Note that in this example the resolver arrived at an authoritative answer. However, any of the queried
servers may have had the requested records cached, in which case the resolution process may have
terminated earlier with a non-authoritative answer.
3
2.2 Communications and the Client-Server Paradigm
You may assume all communication is over UDP/IPv4 and all DNS servers will use port 53, as
highlighted in Figure 1.
You may also note from the figure that the client port is marked as “OS”. This is to indicate that it
should be allocated automatically by the operating system. Meanwhile the resolver port for
communicating with clients is marked as “CL”. This is to indicate that it should be specified as a
command-line argument. This is because the client will need to initiate communication with the
resolver, and therefore the resolver will need to be listening on a known port. The resolver in this
situation is the “server” in the “client-server paradigm”. The resolver however does not need to know
the client’s port in advance, as it will learn it upon receiving a query and store this information, along
with the client’s IP address, to correctly address the response.

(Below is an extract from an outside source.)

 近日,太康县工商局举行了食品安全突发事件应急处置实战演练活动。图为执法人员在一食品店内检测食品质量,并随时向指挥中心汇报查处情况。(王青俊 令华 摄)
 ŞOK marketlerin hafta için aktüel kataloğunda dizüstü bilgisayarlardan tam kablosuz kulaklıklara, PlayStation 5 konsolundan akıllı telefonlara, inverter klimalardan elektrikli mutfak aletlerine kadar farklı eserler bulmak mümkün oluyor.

Conversely the resolver assumes the role of “client” for resolver-DNS communications. As such, the
resolver does not need a known port to perform the query resolution, so it should be allocated
automatically by the operating system. The name servers will learn the resolver port and IP address
upon receiving a query, and similarly store this information to correctly address the response.
2.3 Client Operation
The client will be executed from the command-line. The client should minimally allow for the
following command-line arguments:
• resolver_ip: the IP address of the host on which the resolver is running. If the client and
resolver are running on the same host then this should be the loopback address, 127.0.0.1.

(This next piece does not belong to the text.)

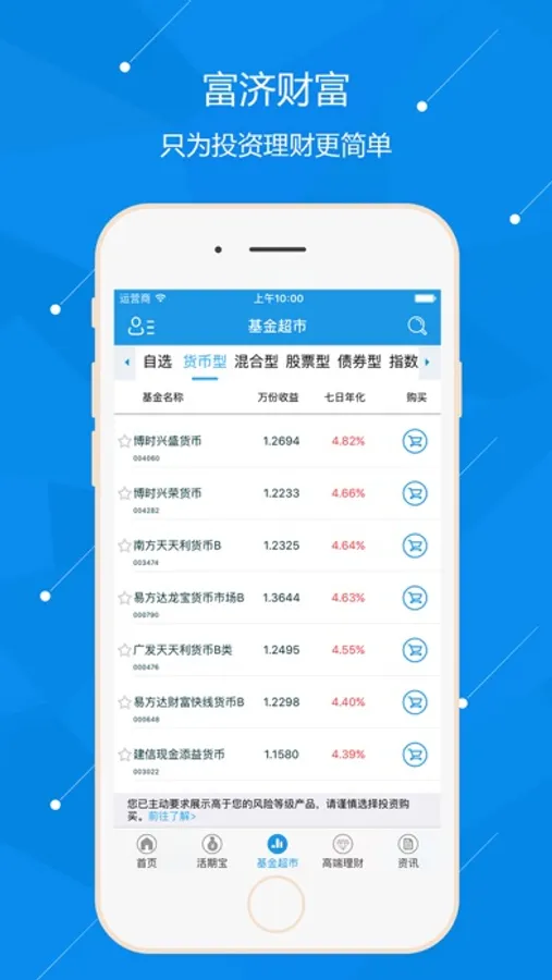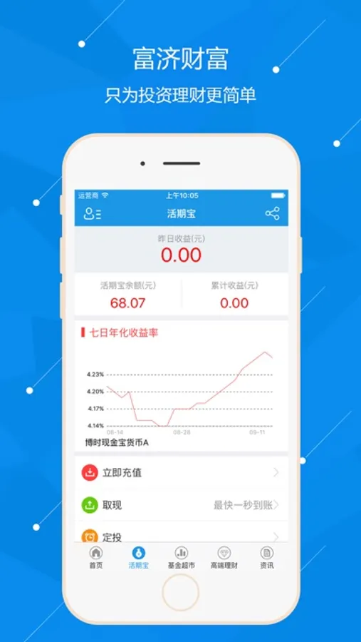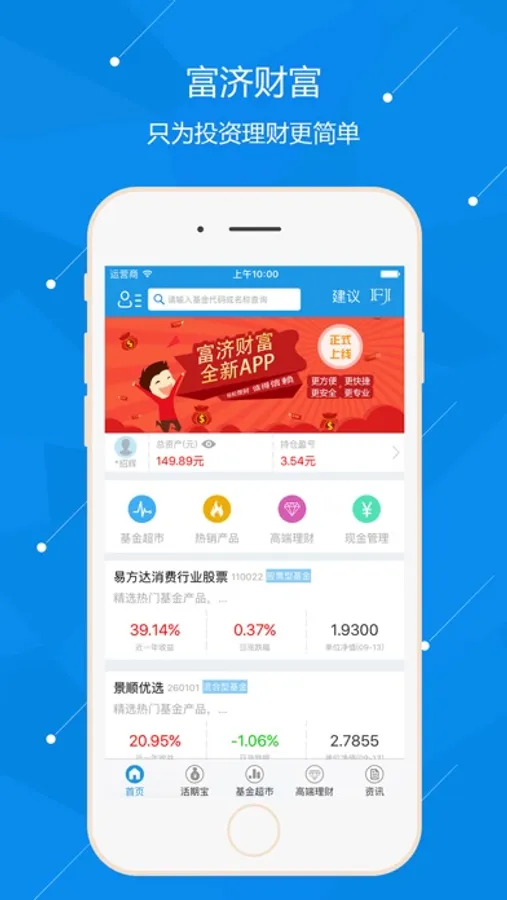 你不理财,财不理你,富济基金app是富济基金旗下一款移动端一站式理财平台。平台展示实时基金行情查询,筛选时下最热销的基金信息,也为新用户提供安全、便捷的免费开户入口。富济基金拥有中国证监会颁发的基金销售牌照,我们致力于打造专业理财团队,让每一位基民享受安全可靠、专业规范的理财服务。富济基金app,让你理财变得更容易。

• resolver_port: the port on which the resolver is listening. This should match the port
argument given to the resolver at run-time.
• name: the name of the resource record that is to be looked up.
Consider this example execution where the client is a C program:
$ ./client 127.0.0.1 5300 www.example.com
The client should initiate a query for the type A record(s) for www.example.com. The query should
be sent to the resolver at 127.0.0.1:5300.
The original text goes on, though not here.